YOUR INSTRUCTIONS:
Lines with the word "sobre" in them are the ones to copy from the records.

---------- PROVIDED RECORDS

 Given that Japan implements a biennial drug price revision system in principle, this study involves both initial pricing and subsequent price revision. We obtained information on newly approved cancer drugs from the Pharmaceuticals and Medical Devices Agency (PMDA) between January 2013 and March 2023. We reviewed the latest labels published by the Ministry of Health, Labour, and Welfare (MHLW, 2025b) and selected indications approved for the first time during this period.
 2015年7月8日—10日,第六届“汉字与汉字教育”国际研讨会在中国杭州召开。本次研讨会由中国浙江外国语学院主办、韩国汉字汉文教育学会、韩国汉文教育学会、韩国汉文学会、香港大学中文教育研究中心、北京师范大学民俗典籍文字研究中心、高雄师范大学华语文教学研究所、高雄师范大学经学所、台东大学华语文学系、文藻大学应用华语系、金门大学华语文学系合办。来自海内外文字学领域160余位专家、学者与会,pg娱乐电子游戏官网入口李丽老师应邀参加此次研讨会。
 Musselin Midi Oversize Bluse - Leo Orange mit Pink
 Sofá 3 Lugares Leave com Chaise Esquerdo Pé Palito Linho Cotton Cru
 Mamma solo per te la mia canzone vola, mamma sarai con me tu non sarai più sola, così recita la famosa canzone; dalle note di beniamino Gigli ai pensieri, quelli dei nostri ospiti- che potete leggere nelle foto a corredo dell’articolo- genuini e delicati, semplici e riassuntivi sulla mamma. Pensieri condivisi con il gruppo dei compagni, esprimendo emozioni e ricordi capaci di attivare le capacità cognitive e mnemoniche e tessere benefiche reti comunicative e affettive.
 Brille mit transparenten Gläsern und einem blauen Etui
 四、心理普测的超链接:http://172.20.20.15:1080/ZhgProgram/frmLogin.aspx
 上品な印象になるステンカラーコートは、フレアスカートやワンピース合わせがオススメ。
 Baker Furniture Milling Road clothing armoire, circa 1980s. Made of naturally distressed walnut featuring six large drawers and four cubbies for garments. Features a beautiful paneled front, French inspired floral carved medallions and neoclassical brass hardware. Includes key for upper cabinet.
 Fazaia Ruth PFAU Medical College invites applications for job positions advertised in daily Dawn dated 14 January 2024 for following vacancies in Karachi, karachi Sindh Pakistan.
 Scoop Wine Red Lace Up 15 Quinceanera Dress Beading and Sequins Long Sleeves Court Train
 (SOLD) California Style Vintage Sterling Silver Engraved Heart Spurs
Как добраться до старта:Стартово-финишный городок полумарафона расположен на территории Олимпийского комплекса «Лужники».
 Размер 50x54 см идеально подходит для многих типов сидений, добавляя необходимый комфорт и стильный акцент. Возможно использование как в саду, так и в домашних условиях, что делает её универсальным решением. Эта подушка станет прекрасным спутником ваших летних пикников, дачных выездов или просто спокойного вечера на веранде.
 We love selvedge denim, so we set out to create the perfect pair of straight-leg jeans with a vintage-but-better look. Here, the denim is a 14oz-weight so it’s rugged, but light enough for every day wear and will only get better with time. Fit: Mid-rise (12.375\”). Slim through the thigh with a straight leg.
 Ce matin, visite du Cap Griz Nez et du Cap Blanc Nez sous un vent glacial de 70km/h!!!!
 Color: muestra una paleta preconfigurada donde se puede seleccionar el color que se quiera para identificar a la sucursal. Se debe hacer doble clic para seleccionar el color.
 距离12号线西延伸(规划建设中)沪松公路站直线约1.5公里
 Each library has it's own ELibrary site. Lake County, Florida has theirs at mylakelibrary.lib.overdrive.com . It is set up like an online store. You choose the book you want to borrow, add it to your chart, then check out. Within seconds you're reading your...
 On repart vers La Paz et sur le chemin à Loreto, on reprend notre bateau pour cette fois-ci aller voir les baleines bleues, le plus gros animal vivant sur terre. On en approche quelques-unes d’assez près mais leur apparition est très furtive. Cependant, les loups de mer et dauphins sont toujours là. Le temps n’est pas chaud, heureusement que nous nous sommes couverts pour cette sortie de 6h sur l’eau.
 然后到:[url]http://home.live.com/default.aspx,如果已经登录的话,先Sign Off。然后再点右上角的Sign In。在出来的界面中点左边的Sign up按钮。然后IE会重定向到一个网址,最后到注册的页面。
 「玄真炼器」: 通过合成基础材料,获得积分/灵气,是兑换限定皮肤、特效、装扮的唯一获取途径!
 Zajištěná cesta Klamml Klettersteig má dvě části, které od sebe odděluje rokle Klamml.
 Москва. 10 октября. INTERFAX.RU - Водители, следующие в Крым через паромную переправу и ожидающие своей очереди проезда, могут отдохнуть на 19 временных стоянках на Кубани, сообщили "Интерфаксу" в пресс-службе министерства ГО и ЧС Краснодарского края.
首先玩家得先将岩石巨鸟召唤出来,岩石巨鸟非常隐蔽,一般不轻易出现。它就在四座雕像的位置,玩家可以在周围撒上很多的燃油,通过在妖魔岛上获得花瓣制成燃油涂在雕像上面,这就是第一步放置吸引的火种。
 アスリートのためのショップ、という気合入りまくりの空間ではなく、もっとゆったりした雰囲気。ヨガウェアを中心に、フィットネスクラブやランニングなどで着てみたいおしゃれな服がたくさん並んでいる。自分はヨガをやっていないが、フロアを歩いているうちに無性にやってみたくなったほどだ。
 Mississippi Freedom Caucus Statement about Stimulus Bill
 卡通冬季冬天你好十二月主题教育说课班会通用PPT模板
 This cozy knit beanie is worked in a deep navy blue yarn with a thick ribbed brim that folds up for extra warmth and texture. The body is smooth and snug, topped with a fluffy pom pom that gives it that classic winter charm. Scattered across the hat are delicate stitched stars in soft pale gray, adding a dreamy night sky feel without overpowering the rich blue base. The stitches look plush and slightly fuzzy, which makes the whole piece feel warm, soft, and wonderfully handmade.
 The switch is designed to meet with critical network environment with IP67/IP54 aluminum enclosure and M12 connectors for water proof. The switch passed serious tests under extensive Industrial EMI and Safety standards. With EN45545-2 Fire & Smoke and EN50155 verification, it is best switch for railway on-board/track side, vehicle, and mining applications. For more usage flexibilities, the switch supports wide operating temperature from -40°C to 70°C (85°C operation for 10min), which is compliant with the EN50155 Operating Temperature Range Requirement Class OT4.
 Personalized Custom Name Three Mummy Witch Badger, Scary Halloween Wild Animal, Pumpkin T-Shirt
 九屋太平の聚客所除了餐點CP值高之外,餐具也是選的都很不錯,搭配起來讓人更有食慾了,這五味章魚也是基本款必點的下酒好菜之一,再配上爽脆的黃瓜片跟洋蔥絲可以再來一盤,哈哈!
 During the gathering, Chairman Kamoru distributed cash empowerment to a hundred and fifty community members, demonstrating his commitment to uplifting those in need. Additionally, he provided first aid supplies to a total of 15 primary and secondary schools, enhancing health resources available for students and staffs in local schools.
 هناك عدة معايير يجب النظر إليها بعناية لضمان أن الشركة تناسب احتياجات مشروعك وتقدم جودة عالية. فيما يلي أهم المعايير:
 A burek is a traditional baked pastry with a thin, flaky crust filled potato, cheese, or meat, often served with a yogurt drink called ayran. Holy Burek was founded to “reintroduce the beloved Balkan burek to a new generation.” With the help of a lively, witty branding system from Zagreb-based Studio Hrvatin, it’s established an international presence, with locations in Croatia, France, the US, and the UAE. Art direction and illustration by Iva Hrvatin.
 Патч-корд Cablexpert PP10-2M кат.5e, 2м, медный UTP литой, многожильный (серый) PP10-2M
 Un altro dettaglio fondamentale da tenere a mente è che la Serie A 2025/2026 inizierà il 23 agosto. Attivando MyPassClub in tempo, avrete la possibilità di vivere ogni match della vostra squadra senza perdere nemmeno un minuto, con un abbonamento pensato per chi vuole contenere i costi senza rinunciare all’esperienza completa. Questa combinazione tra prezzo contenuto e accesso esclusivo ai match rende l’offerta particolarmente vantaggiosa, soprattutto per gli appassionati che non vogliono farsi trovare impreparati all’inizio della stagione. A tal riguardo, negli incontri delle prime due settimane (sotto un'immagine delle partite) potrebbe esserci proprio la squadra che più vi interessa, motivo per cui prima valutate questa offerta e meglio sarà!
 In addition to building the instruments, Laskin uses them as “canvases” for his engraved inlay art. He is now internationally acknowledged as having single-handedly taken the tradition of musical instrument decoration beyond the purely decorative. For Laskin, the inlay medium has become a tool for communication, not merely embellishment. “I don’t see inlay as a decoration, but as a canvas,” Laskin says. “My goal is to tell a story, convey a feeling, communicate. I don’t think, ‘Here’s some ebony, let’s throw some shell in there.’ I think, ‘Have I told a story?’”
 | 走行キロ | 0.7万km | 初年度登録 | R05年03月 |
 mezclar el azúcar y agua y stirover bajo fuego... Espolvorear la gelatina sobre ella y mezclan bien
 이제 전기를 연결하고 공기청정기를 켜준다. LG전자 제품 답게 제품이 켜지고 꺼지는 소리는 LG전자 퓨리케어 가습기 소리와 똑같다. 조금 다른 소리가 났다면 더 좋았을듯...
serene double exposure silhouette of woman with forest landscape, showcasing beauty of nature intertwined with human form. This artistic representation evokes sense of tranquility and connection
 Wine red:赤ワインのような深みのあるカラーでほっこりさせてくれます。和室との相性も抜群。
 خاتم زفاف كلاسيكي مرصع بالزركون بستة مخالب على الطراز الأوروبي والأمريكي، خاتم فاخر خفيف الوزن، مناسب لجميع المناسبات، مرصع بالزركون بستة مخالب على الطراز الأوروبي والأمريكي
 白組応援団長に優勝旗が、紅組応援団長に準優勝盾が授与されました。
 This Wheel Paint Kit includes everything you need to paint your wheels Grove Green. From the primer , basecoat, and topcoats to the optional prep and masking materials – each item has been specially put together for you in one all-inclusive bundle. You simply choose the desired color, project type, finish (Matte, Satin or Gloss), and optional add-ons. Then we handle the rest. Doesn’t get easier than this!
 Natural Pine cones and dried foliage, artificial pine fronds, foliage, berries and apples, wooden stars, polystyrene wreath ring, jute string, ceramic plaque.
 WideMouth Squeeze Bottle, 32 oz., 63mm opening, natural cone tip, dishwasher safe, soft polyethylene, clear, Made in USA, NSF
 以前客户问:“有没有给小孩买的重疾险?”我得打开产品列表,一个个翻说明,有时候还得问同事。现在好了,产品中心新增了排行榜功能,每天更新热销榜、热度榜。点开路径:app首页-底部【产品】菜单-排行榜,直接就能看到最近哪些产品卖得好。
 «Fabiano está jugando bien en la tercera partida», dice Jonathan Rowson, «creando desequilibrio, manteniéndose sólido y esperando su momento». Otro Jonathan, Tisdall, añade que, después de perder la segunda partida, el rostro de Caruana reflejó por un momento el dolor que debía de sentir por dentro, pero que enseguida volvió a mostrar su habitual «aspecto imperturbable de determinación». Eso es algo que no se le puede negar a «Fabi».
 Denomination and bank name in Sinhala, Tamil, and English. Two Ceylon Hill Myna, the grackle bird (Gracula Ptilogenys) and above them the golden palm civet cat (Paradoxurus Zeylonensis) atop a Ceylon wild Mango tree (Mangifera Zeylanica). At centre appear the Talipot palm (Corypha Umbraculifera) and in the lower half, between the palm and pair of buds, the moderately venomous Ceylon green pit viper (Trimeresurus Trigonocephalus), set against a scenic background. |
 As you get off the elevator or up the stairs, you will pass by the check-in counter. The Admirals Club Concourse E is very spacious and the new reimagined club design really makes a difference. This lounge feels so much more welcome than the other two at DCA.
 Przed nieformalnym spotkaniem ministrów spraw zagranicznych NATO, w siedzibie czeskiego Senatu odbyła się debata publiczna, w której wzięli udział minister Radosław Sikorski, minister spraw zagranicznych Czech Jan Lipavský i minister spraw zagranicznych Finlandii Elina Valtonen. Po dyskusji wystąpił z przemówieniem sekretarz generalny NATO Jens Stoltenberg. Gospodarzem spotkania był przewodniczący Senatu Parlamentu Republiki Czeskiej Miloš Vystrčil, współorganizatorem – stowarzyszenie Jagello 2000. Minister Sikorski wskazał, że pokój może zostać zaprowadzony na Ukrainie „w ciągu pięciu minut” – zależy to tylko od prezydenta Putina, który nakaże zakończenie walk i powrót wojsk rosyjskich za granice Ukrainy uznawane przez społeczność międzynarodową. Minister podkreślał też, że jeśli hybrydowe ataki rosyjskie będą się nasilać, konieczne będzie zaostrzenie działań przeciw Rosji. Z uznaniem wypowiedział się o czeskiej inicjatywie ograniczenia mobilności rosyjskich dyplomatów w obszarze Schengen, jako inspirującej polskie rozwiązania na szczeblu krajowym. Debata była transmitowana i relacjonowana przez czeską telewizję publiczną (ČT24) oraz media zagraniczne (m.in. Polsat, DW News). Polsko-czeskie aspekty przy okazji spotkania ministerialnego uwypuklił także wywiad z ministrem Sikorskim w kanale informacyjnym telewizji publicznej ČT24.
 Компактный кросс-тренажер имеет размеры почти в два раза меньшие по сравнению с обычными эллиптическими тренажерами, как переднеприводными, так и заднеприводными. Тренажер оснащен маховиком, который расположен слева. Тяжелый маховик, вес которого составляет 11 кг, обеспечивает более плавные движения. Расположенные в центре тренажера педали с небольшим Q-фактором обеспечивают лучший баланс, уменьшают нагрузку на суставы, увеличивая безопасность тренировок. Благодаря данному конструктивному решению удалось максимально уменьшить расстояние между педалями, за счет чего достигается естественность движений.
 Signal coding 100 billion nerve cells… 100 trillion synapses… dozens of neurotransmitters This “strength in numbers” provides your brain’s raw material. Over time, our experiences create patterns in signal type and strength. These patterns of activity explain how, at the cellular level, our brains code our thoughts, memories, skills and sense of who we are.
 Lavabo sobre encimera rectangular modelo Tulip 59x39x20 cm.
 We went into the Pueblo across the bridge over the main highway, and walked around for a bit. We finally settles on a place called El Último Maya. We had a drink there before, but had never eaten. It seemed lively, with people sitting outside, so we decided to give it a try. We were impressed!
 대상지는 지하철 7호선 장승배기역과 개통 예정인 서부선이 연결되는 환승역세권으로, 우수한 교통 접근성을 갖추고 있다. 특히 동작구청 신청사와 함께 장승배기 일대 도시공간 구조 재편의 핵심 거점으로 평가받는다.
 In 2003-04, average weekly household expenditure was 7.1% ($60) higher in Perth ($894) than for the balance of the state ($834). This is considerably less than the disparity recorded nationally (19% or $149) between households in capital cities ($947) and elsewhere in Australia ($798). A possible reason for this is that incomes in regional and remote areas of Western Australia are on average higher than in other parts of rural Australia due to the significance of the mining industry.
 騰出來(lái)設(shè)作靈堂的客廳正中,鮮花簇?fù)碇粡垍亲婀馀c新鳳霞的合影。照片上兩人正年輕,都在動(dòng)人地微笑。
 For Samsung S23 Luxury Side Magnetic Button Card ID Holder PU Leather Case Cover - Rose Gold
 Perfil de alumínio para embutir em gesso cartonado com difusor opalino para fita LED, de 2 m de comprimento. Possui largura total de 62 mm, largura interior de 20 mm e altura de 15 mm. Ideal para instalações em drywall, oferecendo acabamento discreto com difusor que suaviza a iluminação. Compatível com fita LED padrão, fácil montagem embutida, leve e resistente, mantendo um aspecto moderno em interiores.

--------------------

ANSWER BOX:
 mezclar el azúcar y agua y stirover bajo fuego... Espolvorear la gelatina sobre ella y mezclan bien
 Lavabo sobre encimera rectangular modelo Tulip 59x39x20 cm.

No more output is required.